In this projet, I would like to make use of rental apartment online listing dataset and new york building footprint dataset to explore the possible geographic boundaries or patterns of rental apartments demands in Manhattan.

To extract the structure of demand pattern, we will use unsupervised clustering technique to find the best grouping of buildings with respect to their location, their facility properties and popularity.

In detail, we are going to:
- Interpolate the properties and popularity of every building in the building dataset.
- Select the best clustering model using a sample dataset.
- Perform the final model on the whole dataset and query the information we want.

In [1]:
import pandas as pd
import numpy as np
from sklearn.model_selection import ParameterGrid
import sys; sys.path.append('modules')
import HierarchicalClustering as hc
from bokeh.io import show, output_notebook
from bokeh.plotting import figure
from bokeh.palettes import Spectral11 as cm
output_notebook()
pd.options.mode.chained_assignment = None

## 0. Data sets
In this project, I have 2 data sets: 
- **online_rental_listing dataset**
- **building dataset** 

The first one contains about 46,000 rental apartment online listings in Manhattan. Each listing containing information about rental apartments’ geographic location, popularity (defined by how many visits of listing webpage) and some other description features like facilities, number of bedrooms, bathrooms, rental price, etc.

But because the listing dataset only covers part of buildings in Manhattan and each listing is about one apartment rather than building. So I brought in the 2nd building dataset which is simply consists of every building in Manhattan and their locations. 

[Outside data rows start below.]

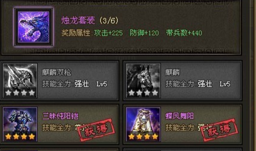 除了首选的朱雀套装,烛龙套装或其升级版真烛龙套装也是值得考虑的备选方案。烛龙套装在提供不错战法输出的同时,还兼顾了一定的物理防御和战法防御能力,让太史慈在保证输出的情况下生存能力有所提升。而真烛龙套装作为进阶选择,属性更为全面,在保留战法输出能力的基础上,额外增加了大量攻击、防御和血量,使得太史慈在面对高难度挑战时持续作战能力更强,适用场景也更广泛。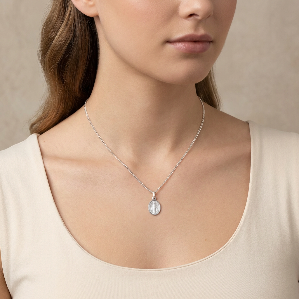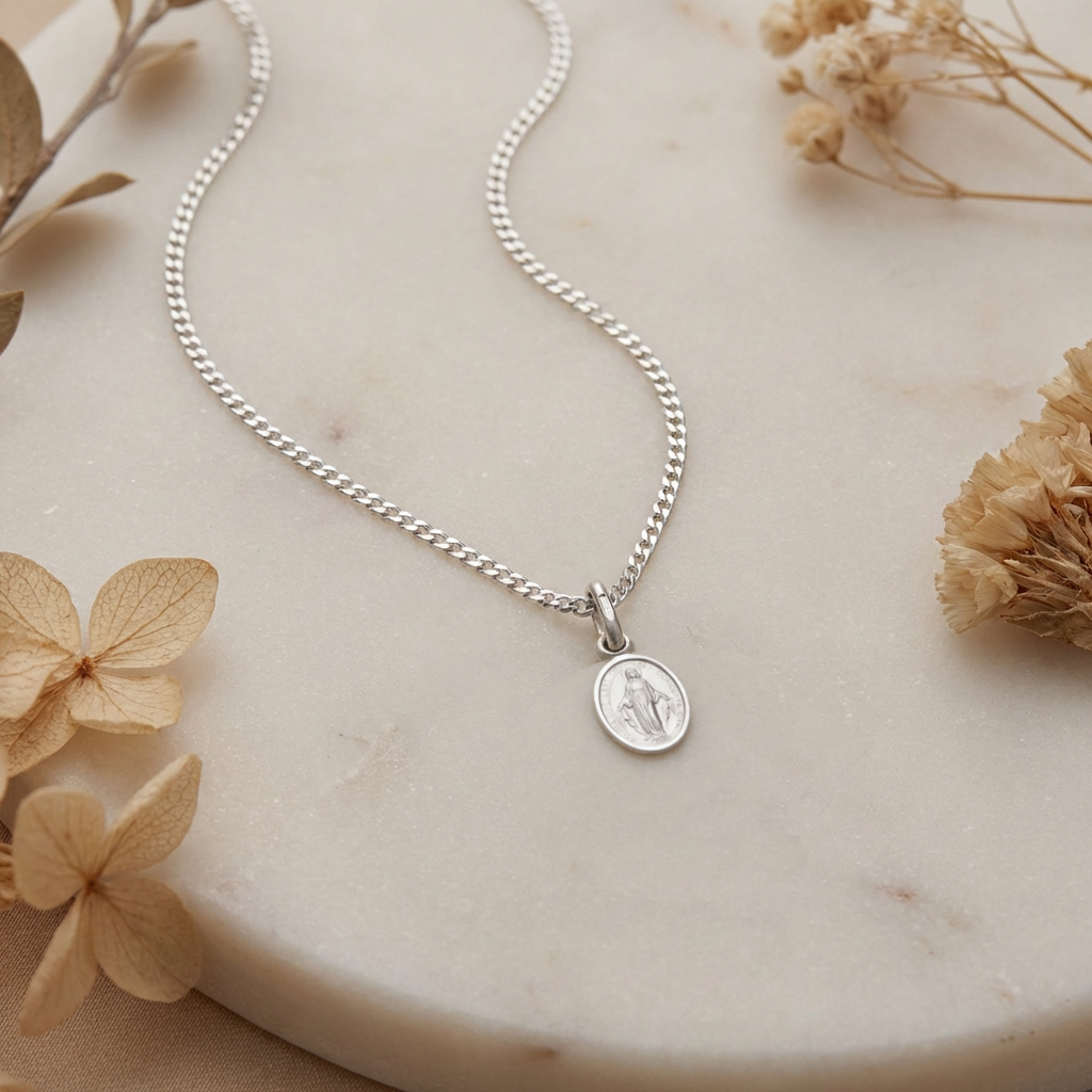 Crafted in solid 925 sterling silver, this small Miraculous Medal necklace is a cherished symbol of faith, protection, and devotion. Featuring the traditional image of the Virgin Mary on the front and the symbolic ‘M’ with stars on the reverse, it reflects the classic design associated with the Catholic Miraculous Medal.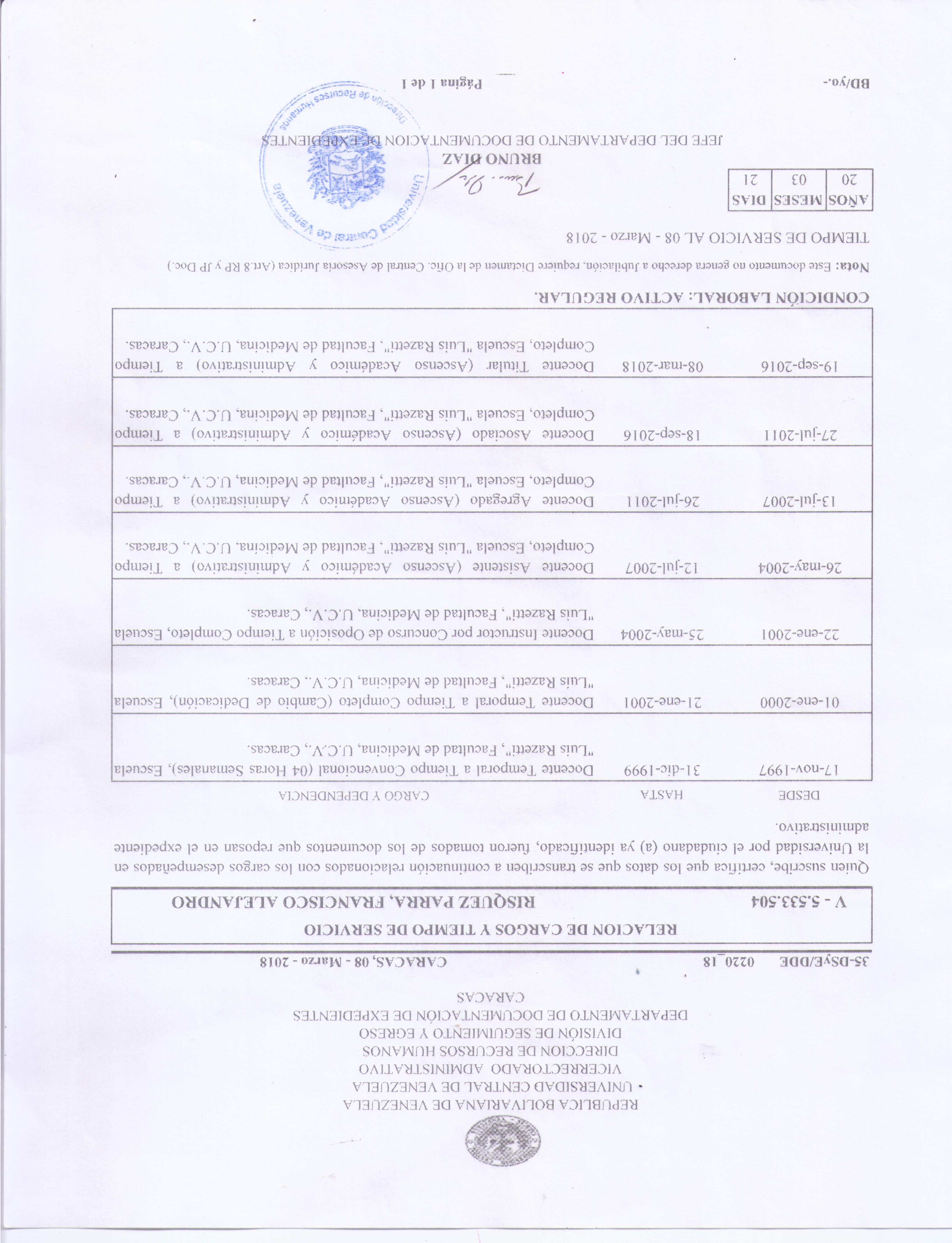 | Title: | relacion de cargos y tiempo de servicio UCV A. Risquez 2018 |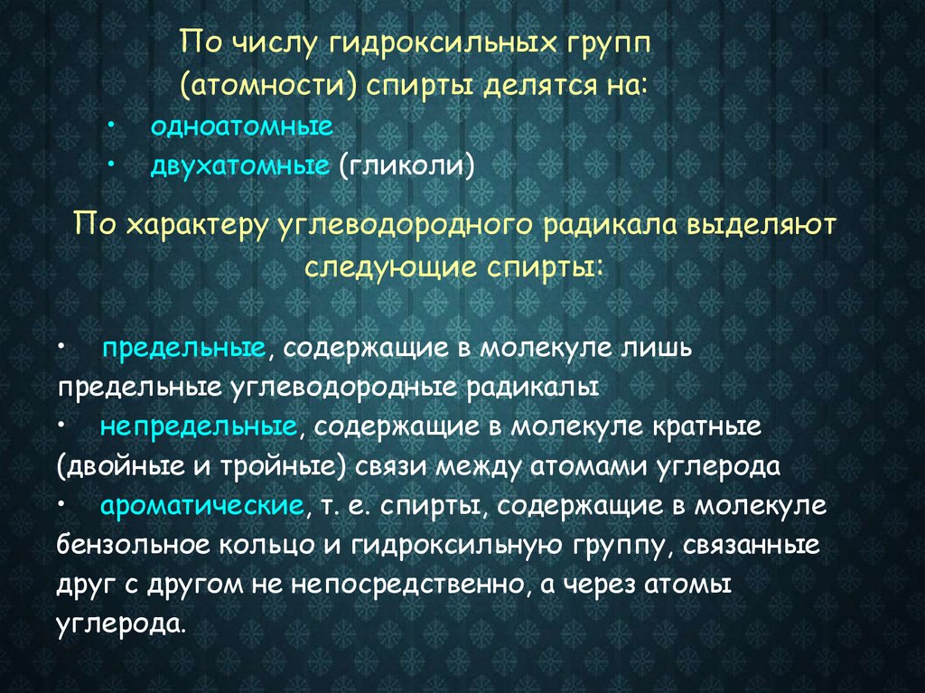 По числу гидроксильных групп(атомности) спирты делятся на: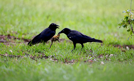 カラス「カエル食うやでぇー」他のカラス(ファーwwあいつ毒ガエル食おうとしてるンゴ)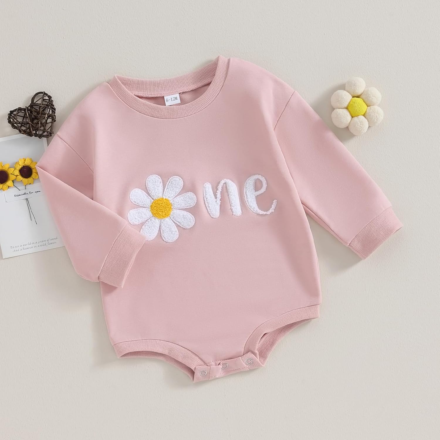 MAHUAOYIXI Newborn Baby Girls First Birthday Outfits Letter Floral Strawberry Embroidery Romper Long Sleeve Bodysuits Toddler Infant Girls Clothes Birthday Gift For Baby Girl

Assuming the popularity of rental apartment is geographically continuous, namely the popularity of one building is similar to surrounding buildings, I can interpolate the popularities of every building in apartment rental market using the information from listing dataset. And then I will perform clustering on building dataset instead.

In [2]:
df_listing = pd\
    .read_pickle('data/market_set_cleaned.pickle')\
    .sample(n=10000)\
    .reset_index(drop=True)
df_listing.head()

Listing dataset size: 10000


Unnamed: 0,bath,bed,y,x,center_pt,price_bin,broker,elevator,fitness_center,popularity
0,1.0,2,355501.756003,-9615917.0,"(-9615917.183863007, 355501.7560032918)",2,1,0,0,2
1,1.0,0,363850.27055,-9617770.0,"(-9617769.920719769, 363850.2705500806)",0,1,0,0,1
2,1.0,0,361964.639521,-9616776.0,"(-9616776.14930586, 361964.63952127565)",0,0,0,0,1
3,1.0,1,363231.210173,-9617402.0,"(-9617401.61615964, 363231.2101725922)",3,1,1,1,1
4,1.0,2,373293.848714,-9617723.0,"(-9617723.429134455, 373293.8487135982)",0,0,0,0,3


In [3]:
df_building = pd\
    .read_pickle('data/building_set_cleaned.pickle')\
    .drop(labels=['DOITT_ID', 'footprint'], axis=1)\
    .sample(n=10000)\
    .reset_index(drop=True)
df_building.head()

Unnamed: 0,center_pt,x,y
0,"(-9616595.206161097, 367562.18430248555)",-9616595.0,367562.184302
1,"(-9615869.338461855, 355460.81925221626)",-9615869.0,355460.819252
2,"(-9617559.124161009, 372745.789523643)",-9617559.0,372745.789524
3,"(-9613998.678650735, 361638.2628068044)",-9613999.0,361638.262807
4,"(-9615529.958431065, 359143.0307065449)",-9615530.0,359143.030707


## 1. Interpolation and clustering

### Interpolation:
Based on assumption that popularity of buildings are similar to their surrounding buildings', I choose inverse distance weighting (IDW) as my interpolation method to get popularity value for each data point in building dataset.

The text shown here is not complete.